Atena Kalat is a scientific project manager and staff scientist in the Therapeutic Development Branch within NCATS’ Division of Preclinical Innovation, where she manages early discovery and preclinical drug discovery projects that lead to identification of new drugs in collaboration with government agencies, academia and the private sector (e.g., pharmaceutical companies and disease foundations). Currently, she is responsible for managing antisense oligonucleotide therapeutic projects as well as rare genetic diseases and neurodegenerative diseases drug development projects. Kalat also serves as a reviewer of peer-reviewed journals and grant applications and has completed several senior management, science policy, leadership and federal acquisition training courses.

Kalat joined NIH in 2016 as a postdoctoral researcher at the Eunice Kennedy Shriver National Institute of Child Health and Human Development. In 2018, she joined NCATS, where she has gained experience in preclinical research and drug development in neurodegenerative and genetic rare diseases. She collaborates on projects with academia and the private sector throughout the translational science landscape.

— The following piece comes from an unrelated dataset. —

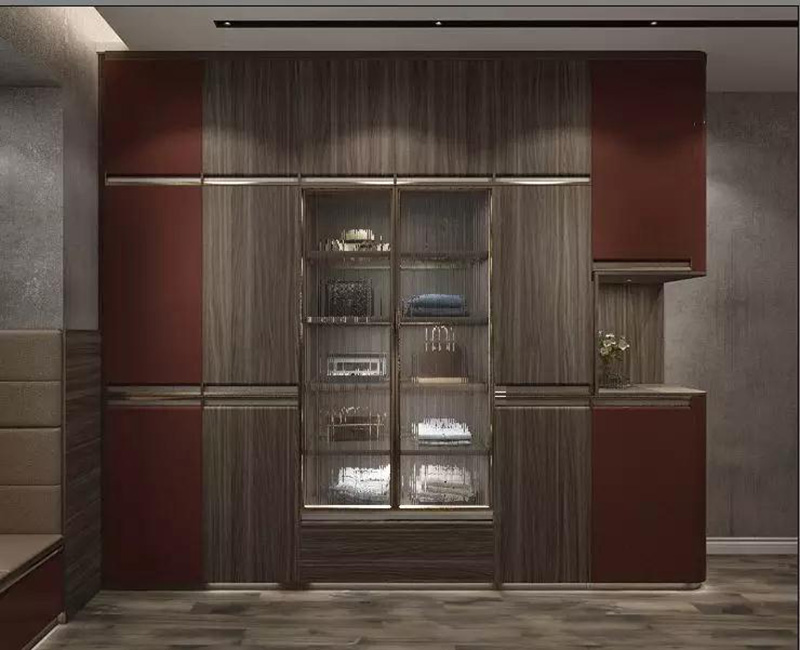 @vivide家的全屋設計以黑胡桃木色為主,小面積采用波爾多紅撞色,搭配淺色系皮質家具,整體色調優雅輕奢、渾厚沉穩。

Kalat received her doctorate in molecular cell biology and neuroscience from the University of Tokyo, where she was mentored by Japanese Nobel prize nominee Nobutaka Hirokawa, M.D., Ph.D., During her doctoral and postdoctoral fellowship in Tokyo, she studied intracellular transport, molecular mechanism and the dynamics of kinesin superfamily proteins in neurons and non-neuronal cells. Kalat recently was selected and recognized as an Asia 21 Young Leader — based in the U.S. — by the Asia Society’s Asia 21 Young Leaders program.

Research Topics/Professional Interests

Kalat’s research interests are in managing and initiating collaboration for early discovery and preclinical therapeutic development projects for rare genetic diseases and neurodegenerative diseases. She currently collaborates on antisense oligonucleotide therapeutic projects, rare genetic diseases (e.g., congenital disorders of deglycosylation and glycosylation, Alagille syndrome, lysosomal storage disorders) and opioid-related projects in partnership with biopharmaceutical companies, academia and disease foundations and continues to explore new technologies. Kalat has been volunteering for more than a decade for several children’s charities in the U.S. and internationally.